Railway station in Tønsberg, Norway

Tønsberg Station on the Vestfold Line, is the main railway station in the town of Tønsberg in Tønsberg Municipality in Vestfold county, Norway. The station is located in the downtown area, to the east of the hill Slottsfjellet. It is located at an altitude of 14.5 m above mean sea level, and is 115.68 km from Oslo Central Station. The current station is from 1915.

==History==
The first station at Knapløkken was a railway station built by the private Tønsberg–Eidsfoss Line. It received a station building of the smallest type used on the line, with only two rooms, and consisted further of a passing loop and an outhouse. The station had an extensive track arrangement with seven tracks and place for 203 freight cars. The station opened on 18 October 1901.
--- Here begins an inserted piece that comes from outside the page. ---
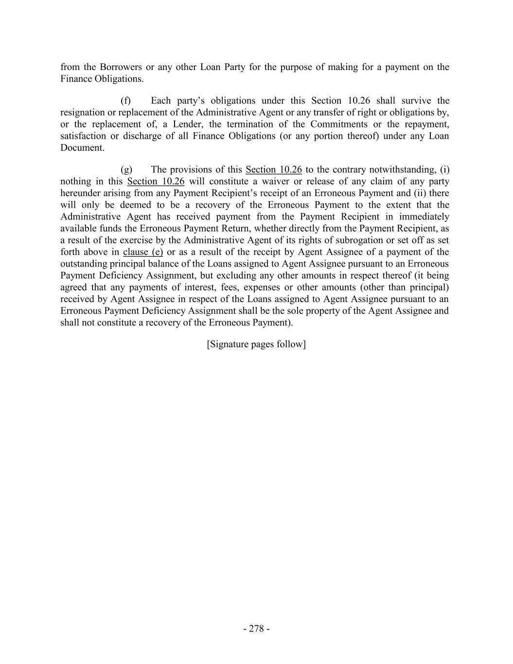 from the Borrowers or any other Loan Party for the purpose of making for a payment on the Finance Obligations. (f) Each party’s obligations under this Section 10.26 shall survive the resignation or replacement of the Administrative Agent or any transfer of right or obligations by, or the replacement of, a Lender, the termination of the Commitments or the repayment, satisfaction or discharge of all Finance Obligations (or any portion thereof) under any Loan Document. (g) The provisions of this Section 10.26 to the contrary notwithstanding, (i) nothing in this Section 10.26 will constitute a waiver or release of any claim of any party hereunder arising from any Payment Recipient’s receipt of an Erroneous Payment and (ii) there will only be deemed to be a recovery of the Erroneous Payment to the extent that the Administrative Agent has received payment from the Payment Recipient in immediately available funds the Erroneous Payment Return, whether directly from the Payment Recipient, as a result of the exercise by the Administrative Agent of its rights of subrogation or set off as set forth above in clause (e) or as a result of the receipt by Agent Assignee of a payment of the outstanding principal balance of the Loans assigned to Agent Assignee pursuant to an Erroneous Payment Deficiency Assignment, but excluding any other amounts in respect thereof (it being agreed that any payments of interest, fees, expenses or other amounts (other than principal) received by Agent Assignee in respect of the Loans assigned to Agent Assignee pursuant to an Erroneous Payment Deficiency Assignment shall be the sole property of the Agent Assignee and shall not constitute a recovery of the Erroneous Payment). [Signature pages follow] - 278 -

During the planning of TEB there was discussion about changing the state railway's line through town and building a new station. This would have allowed NSB trains avoid having to back from Jarlsberg Points. TEB therefore chose to build their station at Knapløkken. Thus Tønsberg was served by four stations. NSB therefore decided that it would build the Vestfold Line through Tønsberg in a loop, build a new, common station for TEB and NSB, and align the Vestfold Line out of Tønsberg next to TEB. As TEB's station was far too small to handle NSB's traffic, an all-new station was built at Knapløkken. The new line was taken into use on 1 October 1915 and the new station was completed in 1916.
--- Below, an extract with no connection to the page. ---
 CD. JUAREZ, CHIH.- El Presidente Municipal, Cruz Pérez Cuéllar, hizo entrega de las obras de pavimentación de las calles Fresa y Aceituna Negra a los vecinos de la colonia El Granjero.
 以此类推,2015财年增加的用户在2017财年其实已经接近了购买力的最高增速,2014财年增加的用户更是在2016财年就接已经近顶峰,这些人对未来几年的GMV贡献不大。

At the time of the opening the station had 1 ha of land, which was rented for 1 øre per square meter to the station employees. At the time of the opening the station had a station master, three clerks, six telegraphists, two foremen, a switcher, nine servicemen and an apprentice. On 11 May 1934, Norsk Spisevognselskap took over operation of the station restaurant. In 1948, a separate building for the restaurant was opened.

When the Vestfold Line first opened in 1881, Tønsberg was accessed to by means of a branch line running in a 221 m long tunnel through Slottsfjell. At that time the Tønsberg station was a terminal station and trains had to reverse direction in Tønsberg, usually the cars were pushed into the station. This was a cumbersome operation, and in 1915 the current layout was opened. Now trains from the east run in a loop around Tønsberg city before entering the station and no reversing is necessary.
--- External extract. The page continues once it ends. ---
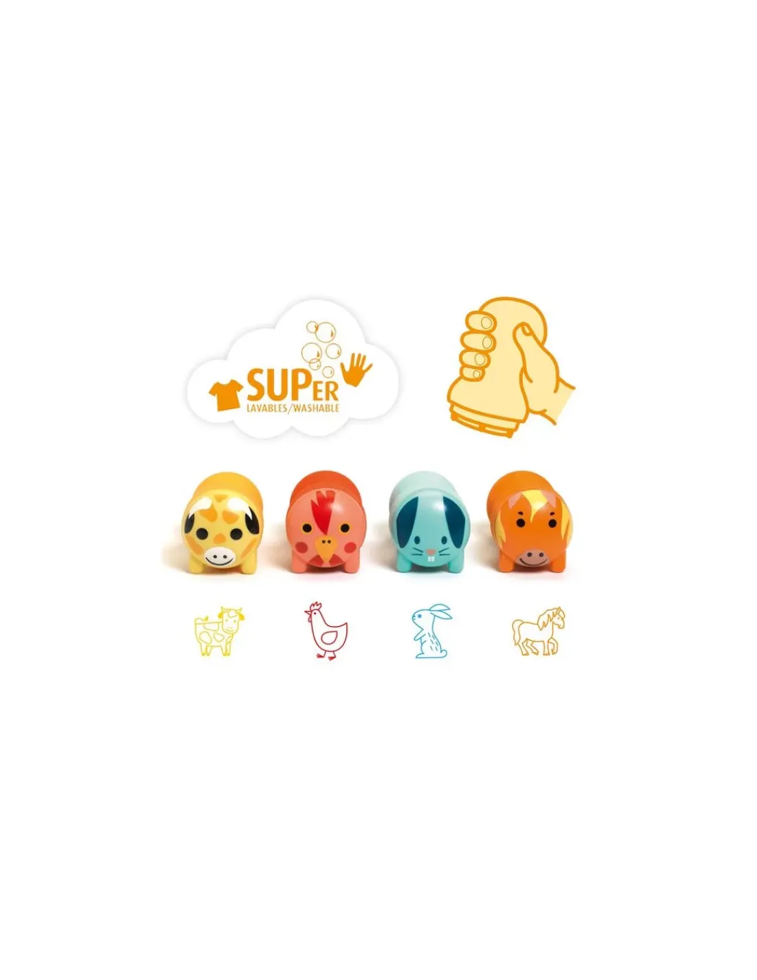 Découvrez les tampons animaux de la ferme de Djeco, 4 tampons pour les enfants à partir de 18 mois. Des tampons ergonomiques et auto-encreurs avec une poignée en mousse spécialement adaptés pour les petites mains. Votre enfant va pouvoir tamponner des poules, des lapins, des vaches et des chevaux sur ses cahiers ou ses feuilles de dessin.

The loop does take up space however, and in 2002 the Tønsberg city council passed a resolution to replace the loop with a single line, reintroducing the simple cul-de-sac station. The Norwegian National Rail Administration, who owns the railway, protested, pointing out that turning trains around would hold it up for ten minutes. There have been calls to continue the discussion.

==Facilities==
Tønsberg was built as a first-class station, the station's upper story originally serving as a residence for the station master and offices which hosted TEB's administration. The ground floor consisted of a waiting room, ticket sales, office for the station master, a telegraphy room, a cargo handling room, all with central heating. The station building was originally supplemented with a cargo building. The station had four main tracks, three spurs and a branch to the port, which was part of TEB.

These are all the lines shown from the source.